To force an increase in value, it is critical to have the right team. Choosing the right property management team and picking assets with value-add opportunities in a growing market with favorable demographics are all keys to unlocking the most favorable valuation for any commercial real estate asset. The better a property is operated, the more money the investors will earn while owning it and the more the property will be worth.
There is no better way to immediately add value to a commercial real estate project than to make a force appreciation happen and unlock that additional value. If the property is improved just a little bit each year, the underlying increase in property value is exponential. Small changes definitely make a big difference!
Let’s look at an example:
Let’s say we have a 100 unit building in a city that supports a 6% cap rate. If rents are raised by just $25 per month on each apartment, the value of the property increases by a half of a million dollars. If rents are steadily raised by $25 per month over a 4-year period, we have increased the value of the property by $2 million!
As you can see, with a slight increase in rental income, our property has appreciated by $500,000 in a matter of one year. So, imagine the amount of property appreciation if you cut down on property expenses and added a few extra services!

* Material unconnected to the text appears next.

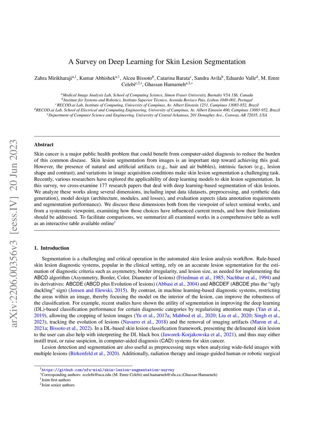 Skin cancer is a major public health problem that could benefit from computer-aided diagnosis to reduce the burden of this common disease. Skin lesion segmentation from images is an important step toward achieving this goal. However, the presence of natural and artificial artifacts (e.g., hair and air bubbles), intrinsic factors (e.g., lesion shape and contrast), and variations in image acquisition conditions make skin lesion segmentation a challenging task. Recently, various researchers have explored the applicability of deep learning models to skin lesion segmentation. In this survey, we cross-examine 177 research papers that deal with deep learning-based segmentation of skin lesions. We analyze these works along several dimensions, including input data (datasets, preprocessing, and synthetic data generation), model design (architecture, modules, and losses), and evaluation aspects (data annotation requirements and segmentation performance). We discuss these dimensions both from the viewpoint of select seminal works, and from a systematic viewpoint, examining how those choices have influenced current trends, and how their limitations should be addressed. To facilitate comparisons, we summarize all examined works in a comprehensive table as well as an interactive table available online at https://github.com/sfu-mial/skin-lesion-segmentation-survey.

In the video below, our founder, Rob Overstreet takes a minute to talk about Forced Appreciation and how our investing partners benefit from it.
Properly done, this increase in real estate value can offer increases in cash flow and additional tax advantages. You don’t have to be a market speculator to profit from this. In fact, “forced” appreciation truly is the secret sauce and the number one way that millions are made in commercial real estate investment.